Provide a binary that the user passes as go build -toolexec=airflow-go-toolexec .... The wrapper proxies every toolchain call and, on detecting the final link invocation, copies the linker's output path, then runs the packing step against it.

  • Pros: single go build invocation; nominally fits into existing go build workflows.
  • Cons: -toolexec was not designed for this. It receives the toolchain executable path and an argv that varies across Go versions; the wrapper has to parse the linker's -o to discover the binary location, which is undocumented/internal behaviour and changes between releases. It also runs once per package compile, so the wrapper must distinguish "real" link invocations from intermediate ones. Operationally fragile; recommended against.

Option H: go.mod tool directive (Go 1.24+)

Register the packer in the consuming project's go.mod via the tool directive and invoke it as go tool airflow-go-pack.
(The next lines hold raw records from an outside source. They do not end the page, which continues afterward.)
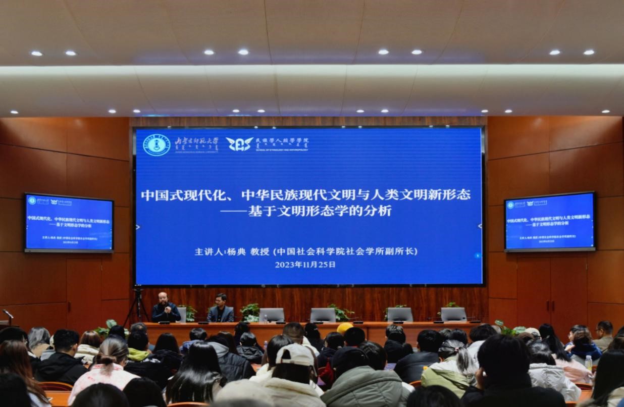 为进一步提升学科建设水平,提高人才培养质量,加强国内学术交流与合作,11月25日,米兰官网隆重邀请中国社会科学院社会学所副所长、博士生导师、《社会学研究》副主编杨典教授在赛罕校区信息楼报告厅举行以“中国式现代化、中华民族现代文明与人类文明新形态——基于文明形态学的分析”为题的学术讲座。米兰milan官方网站科技处副处长刘伟、米兰milan官方网站党委书记包凤兰、党委副书记副院长陆一琼,以及米兰官网老师和同学们约200余人参加讲座。讲座由常宝教授主持。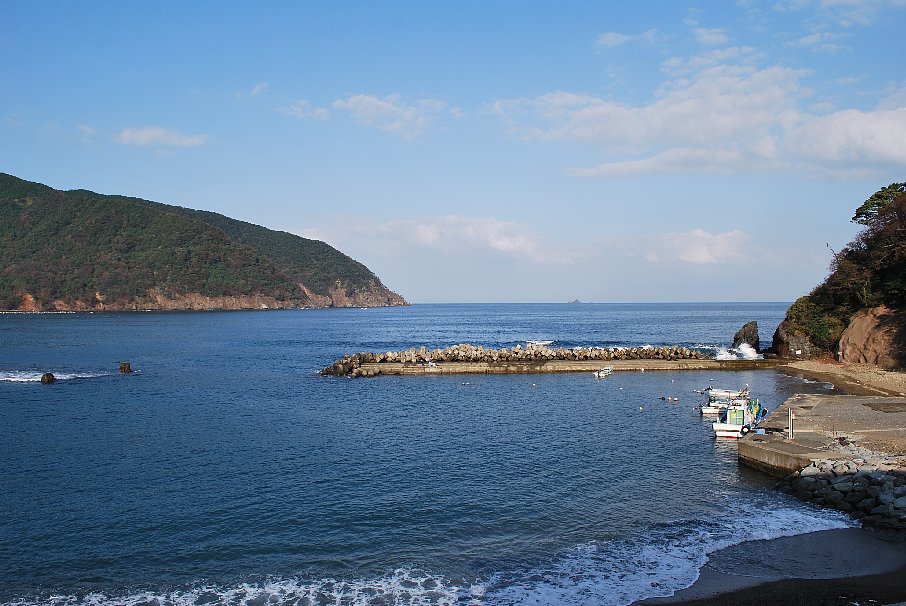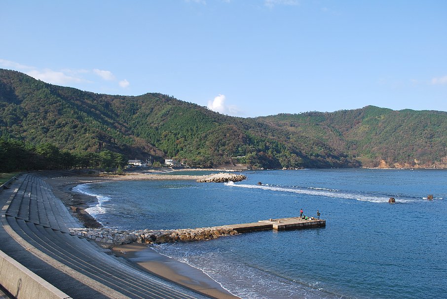 食見海岸は約1.5mの波があり、時々防波堤に波がかかります。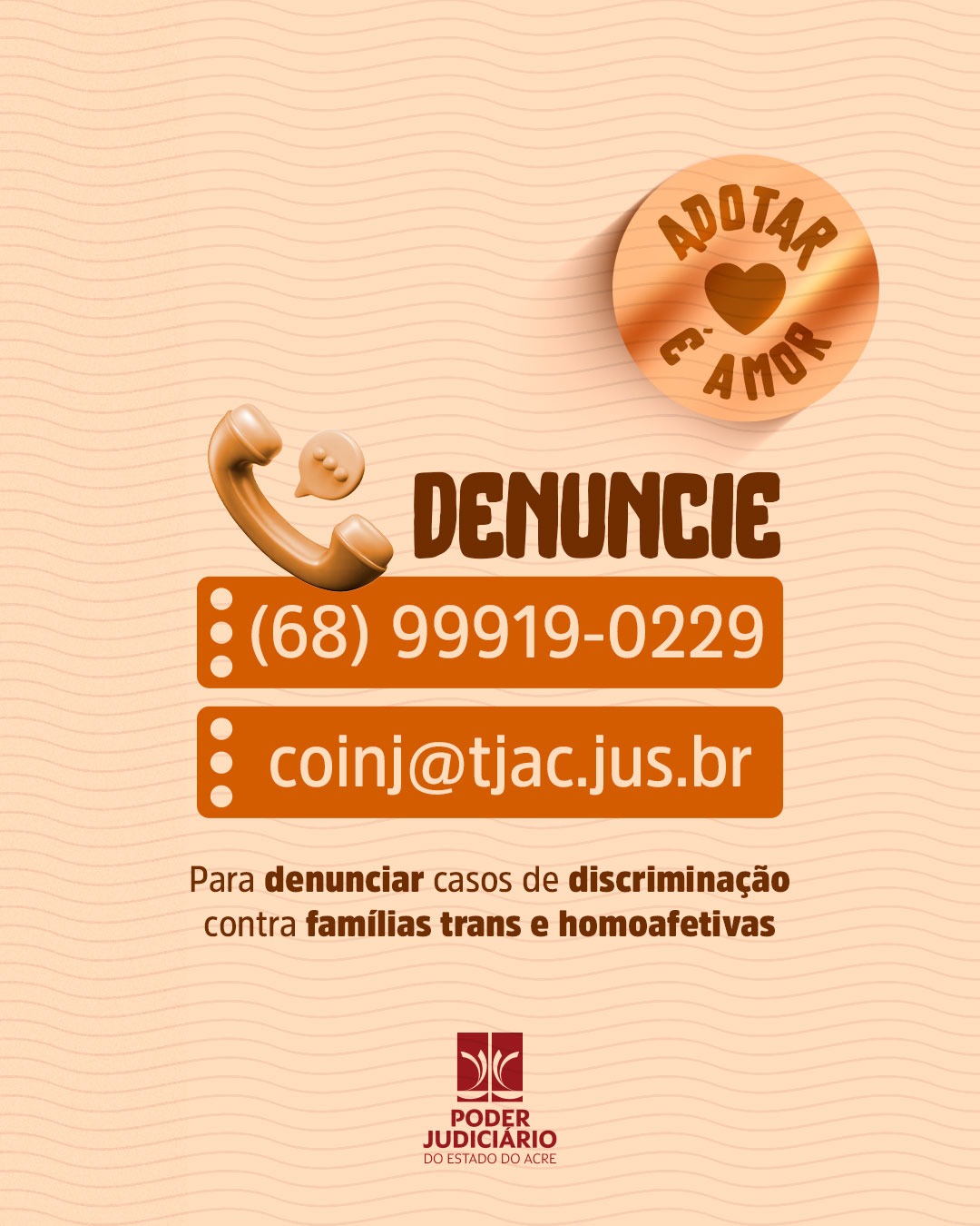 O Tribunal de Justiça do Acre (TJAC) criou um canal de denúncias para casos de discriminação contra famílias homoafetivas e transafetivas, para garantir o direito de pessoas homossexuais e trans de adotarem crianças e adolescentes com igualdade e respeito, sem sofrer qualquer preconceito ou tratamento indevido.

This is orthogonal to A/B/D (it's a delivery mechanism, not a different implementation) but is worth listing because it changes the install story significantly.

  • Pros: version-pinned per project; no uv tool-style global install; works the same in every checkout; aligns with breeze's direction (ADR 0017 for the Python side).
  • Cons: requires Go 1.24 in the consumer's toolchain; one more line the author has to add to go.mod.
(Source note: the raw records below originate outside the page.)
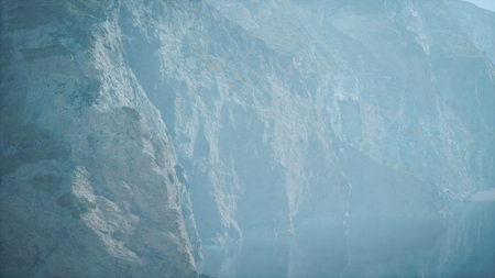 Majestic cliffs rise along the coastline, shrouded in mist. The tranquil atmosphere creates a feeling of peace as waves gently lap at the shore.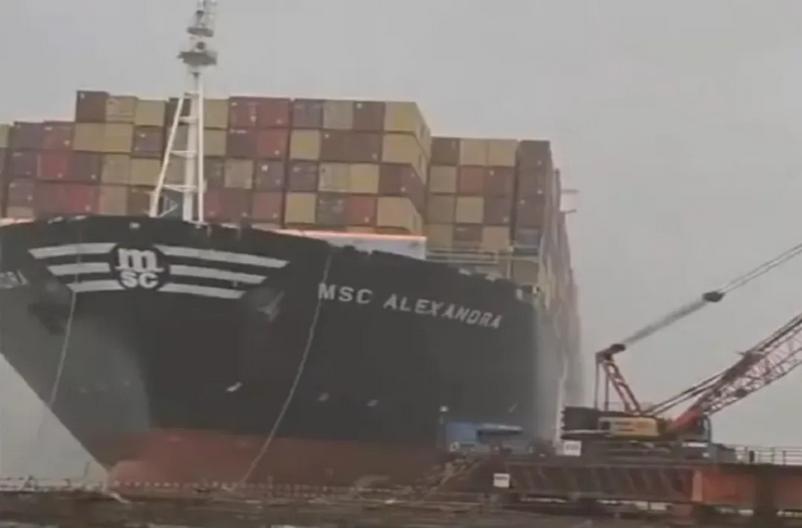 据当地气象部门预警,当日清晨起卡奇地区已出现类似风暴的极端天气过程,强阵风持续冲击港区。停靠于蒙德拉港CT3码头的“MSC Alexandra”轮未能抵御强风,其系泊缆绳在高风速作用下发生断裂,导致船舶迅速脱离控制,在港池水域内发生漂移。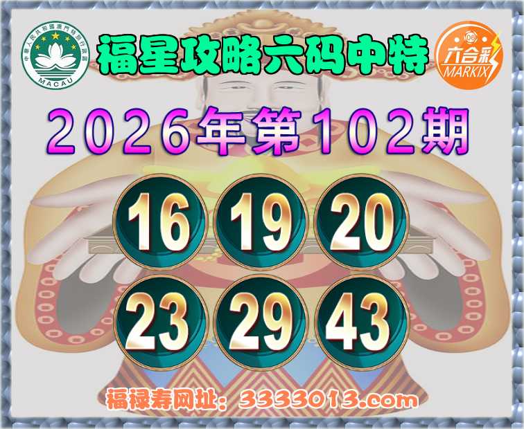 102期:【福星攻略】 🧏‍♀️六码中特🧏‍♀️【16.19.20.23.29.43】开:20

Option I: Build-system recipe only (no SDK code)

Ship a documented Justfile / Makefile / Taskfile snippet that sequences go build -> zip -> manifest write, and let users copy it into their projects. The SDK provides only the spec and an example.

  • Pros: zero new code in the SDK; users see exactly what is happening.
  • Cons: every project re-implements (and slowly diverges from) the spec; manifest generation in shell is painful; no introspection of dag/task IDs without re-running the binary anyway, so the recipe ends up calling some helper, which is just Option A by another name.
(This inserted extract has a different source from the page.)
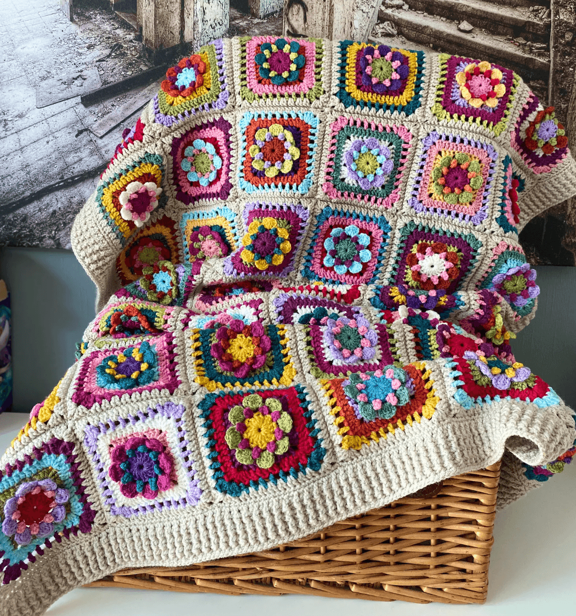 Easy to adjust the final size – simply crochet more or fewer squares. Each square measures apx. 23.5cm/9.25inches by 26.5cm/10.5inches when crocheted with DK-weight yarn.

Cross-cutting sub-decisions

These apply to whichever top-level option is chosen:

  1. Manifest source of truth. Runtime introspection (D) is the only approach that cannot drift from RegisterDags. Everything else trades that guarantee for some other property (no binary needed, no extra flag, etc.).
  2. Source-file discovery. The spec requires the source file path to appear in the manifest's source field and the file itself to be present in the ZIP. The packer needs either (a) an explicit --source argument, (b) a convention (e.g. the main.go of the main package being built), or (c) a //go:embed-d copy inside the binary (Option C).
  3. SDK version reporting. The bundle binary should expose the SDK version it linked against. This can come from runtime/debug.ReadBuildInfo walking the deps for github.com/apache/airflow/go-sdk, or from a build-time -ldflags -X value the SDK documents.
  4. Reproducibility. The ZIP should be deterministic for a given set of inputs (sorted entries, fixed mtimes, no host-specific metadata) so two builds of the same bundle hash identically. This is independent of which option is picked but easiest to enforce inside SDK-owned code (A/B/C/D) than in a shell recipe (I).
  5. Executable bit. The spec says the archive entry SHOULD preserve the executable bit via the ZIP external-attributes field. The packer must set 0755 (or similar) on the executable entry; this is trivial in Go's archive/zip but easy to get wrong in shell.

Decision

Recorded in ADR 0002. Summary: deliver the packer via the Go 1.24 tool directive (Option H); implement it as a standalone binary at cmd/airflow-go-pack (Option A); populate the manifest by execing the bundle binary with the standardised --airflow-metadata introspection flag (Option D).

Consequences

Listing the options here, rather than only landing the chosen one, keeps the rejected alternatives discoverable for future SDKs (Rust, C++, Zig) which will face the same question, and documents why -toolexec and AST-only scanning were considered and dropped.